Announcement

**David** · May-04-2009, 01:51 AM

Looks like an interesting feature. And probably not very hard to implement. We'll look at supporting it for the future V6.1 release (no date as yet).

In the meantime the CRC function should filter pages that are exact duplicates. What are the URLs of the duplicate pages?

Also note that V6.0 of Zoom has a new, improved method of CRC duplicate page detection: the CRC comparison is now made after stripping out HTML and ZOOMSTOP sections. This means that a page with ads excluded using ZOOMSTOP will now be recognized as being duplicate, despite having different dynamic ads on the page.

You should also look at using the skip list to avoid duplicate pages. Using the skip list is MUCH more efficient than usng the CRC or the Google canonical feature. As the skip list will avoid the download of the page, saving a lot of indexing time and bandwidth.

**Queue** · May-04-2009, 04:23 PM

Ray,

Perhaps I need to look into Skip List a bit more...

I am running 6.0 Build 1012. Here is the url to my search page (this is a DEV site)...

www.qomcorp.com/zoom_search.asp

Search for "lorem" and you will get twenty-four (24) search results. od the 24 results the following pages are duplicate content...
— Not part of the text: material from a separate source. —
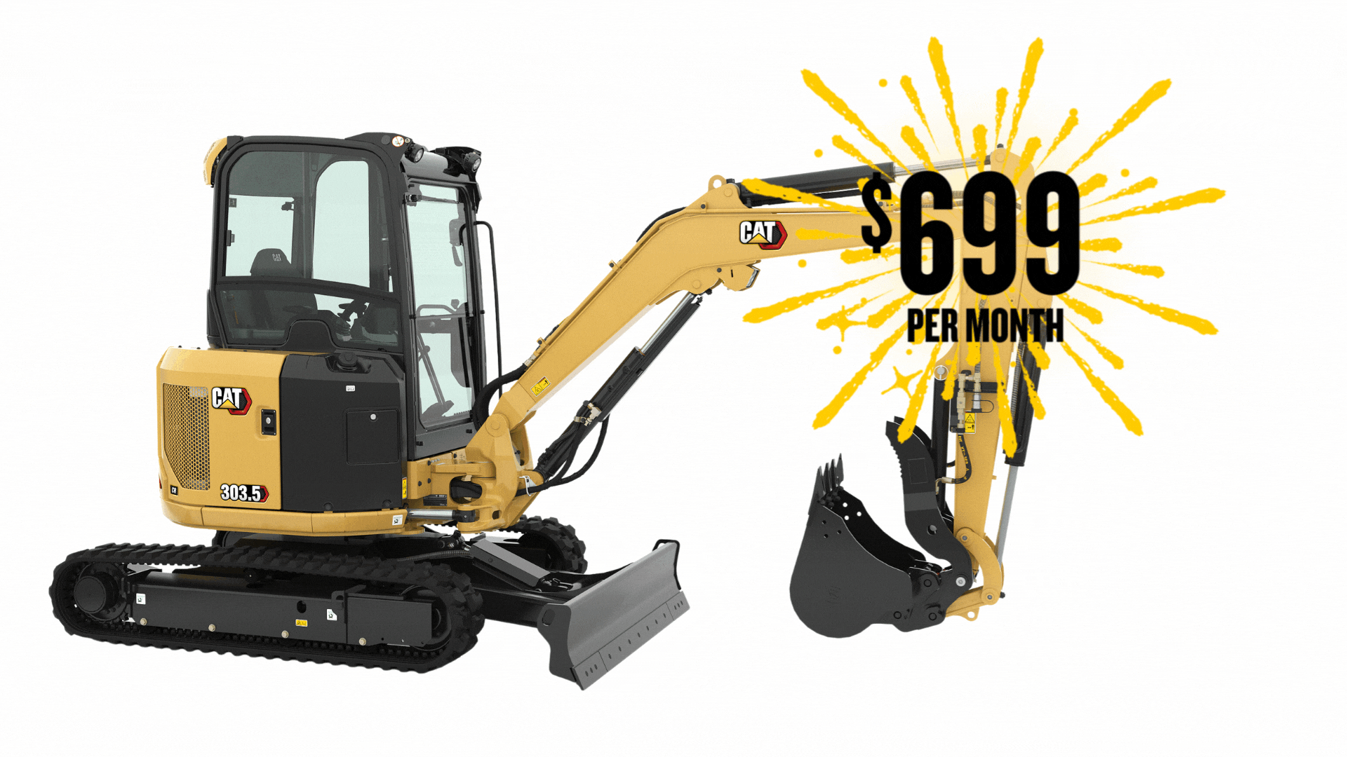 Cat 303.5 DCA3D Lease Terms: 36-month agreement for $699 per month (+ taxes & fees) with a usage limit of 500 hours per year. Includes Cat 303.5 DCA3D equipped with cab, heat/AC, manual coupler, and 24-inch tooth bucket. Customer must take delivery of their machine by February 28, 2026. Lease offer is valid January 8, 2026 – February 28, 2026.

http://www.qomcorp.com > http://www.qomcorp.com/default.asp

You will notice that I have some other issues to resolve, one of which is normalization of URL case. However, why doesn't Zoom normalize url's to lowercase? As I understand it, search engines perform such lowercase normalization...why doesn't Zoom?

BTW Ray...Zoom is not simply good work: IT IS BRILLIANT.

Thank you.

**Ray** · May-05-2009, 12:59 AM

Originally posted by Queue View Post

Search for "lorem" and you will get twenty-four (24) search results. od the 24 results the following pages are duplicate content...
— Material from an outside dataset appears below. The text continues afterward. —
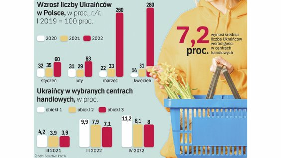 Zmiany widać także w centrach handlowych, co potwierdza analiza firmy Selectivv, dokonana dla „Rzeczpospolitej” na podstawie ruchu telefonów komórkowych. Wynika z niej, że kwietniu średnio ponad 7 proc. osób w centrach handlowych stanowili Ukraińcy, ale wśród analizowanych obiektów były też takie z dwucyfrowym wynikiem. W przypadku każdego obiektu liczba ukraińskich gości rośnie z miesiąca na miesiąc.

http://www.qomcorp.com > http://www.qomcorp.com/default.asp

CRC duplicate detection would usually address this, but the problem here is that on each of your pages, there is some content that changes every time. For example, the left and right side panels with dates, time, last topic posted, etc. And most importantly, at the bottom, there is a "This page was generated in 0.4375 seconds" message, which of course, is likely to change every time you visit the page.

As mentioned by David above, you can use ZOOMSTOP and ZOOMRESTART tags to exclude these sections of the page. This way only the middle, content portion of the page is looked at when Zoom tries to determine if it is a duplicate page. The other benefit of doing this is, you won't get every page returned should someone search for a word in the navigation menus or, for example, "page generated" (since this message is on every page). More information on how to use these tags is in the FAQ:
Q. How do I prevent parts of my webpage from being indexed (eg. exclude navigation menus, or page footers)?
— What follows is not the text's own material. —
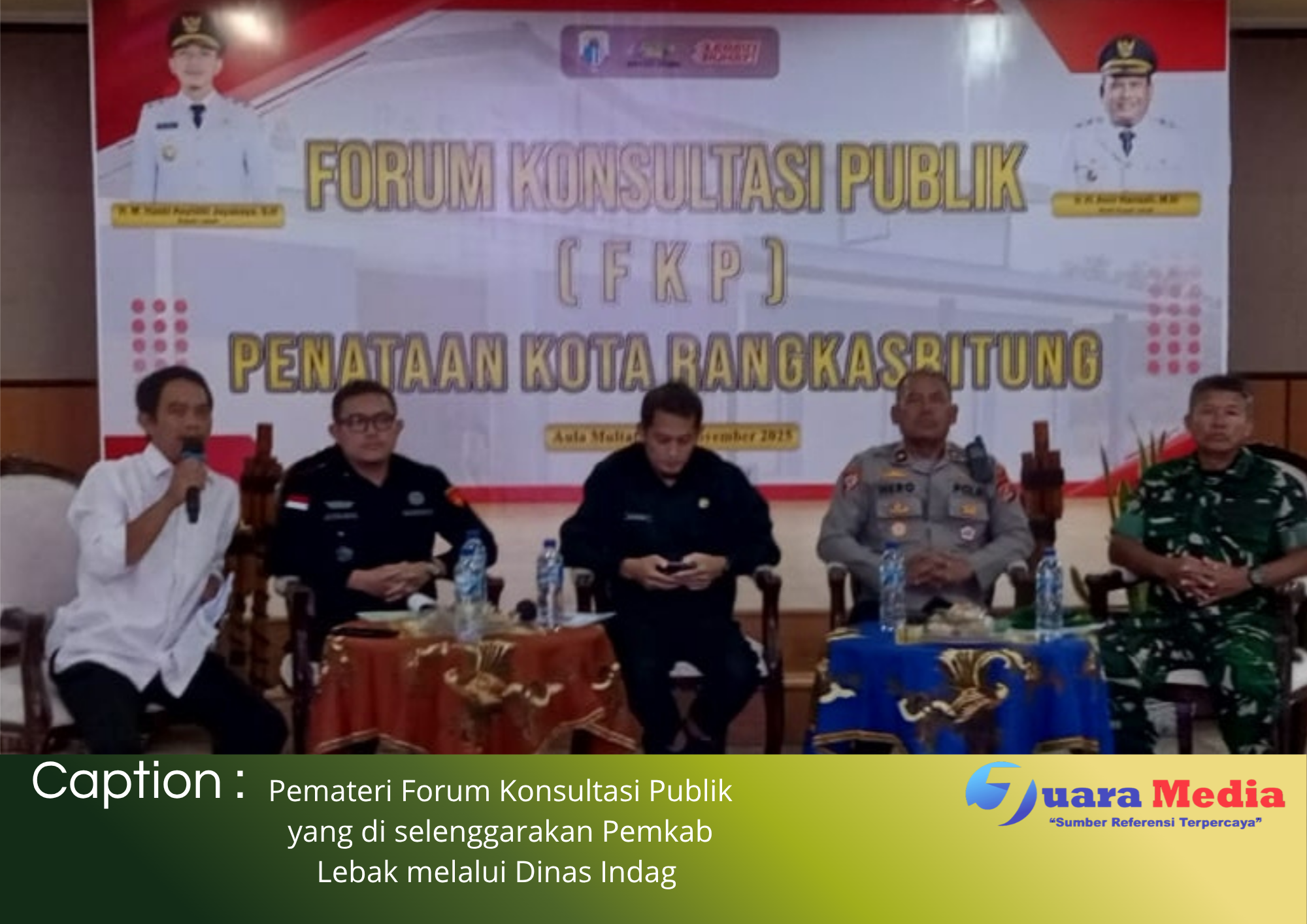 Forum komunikasi publik ini turut menghadirkan sejumlah narasumber dari unsur hukum dan keamanan, seperti Kasi Pidsus Kejaksaan Negeri Lebak Irfano, Kabag Ops Polres Lebak, dan Pasi Ops Kodim 0603 Lebak, yang membahas aspek hukum serta sinergi keamanan dalam proses penataan.

Originally posted by Queue View Post

You will notice that I have some other issues to resolve, one of which is normalization of URL case. However, why doesn't Zoom normalize url's to lowercase? As I understand it, search engines perform such lowercase normalization...why doesn't Zoom?

On the contrary, URLs are technically case sensitive and search engines such as Google do not perform "lowercase normalization" (see here and here).

This means an uppercase URL is a different URL to it's lowercase equivalent. This is evident on most Linux/BSD/etc web servers, where a file "apple.html" can actually be a different file to "Apple.html".

It is only Windows web servers which are case insensitive. But from a browser's or spider's point of view, there's no practical way of knowing this in advance.

By W3C standards, URLs should and have always been case sensitive and it is general good practice to adhere to this. Even though you are on a Windows web server at the moment, you never know if one day you might need to move to a Linux based server, and then hundreds of links may be broken if you depended on case insensitivity.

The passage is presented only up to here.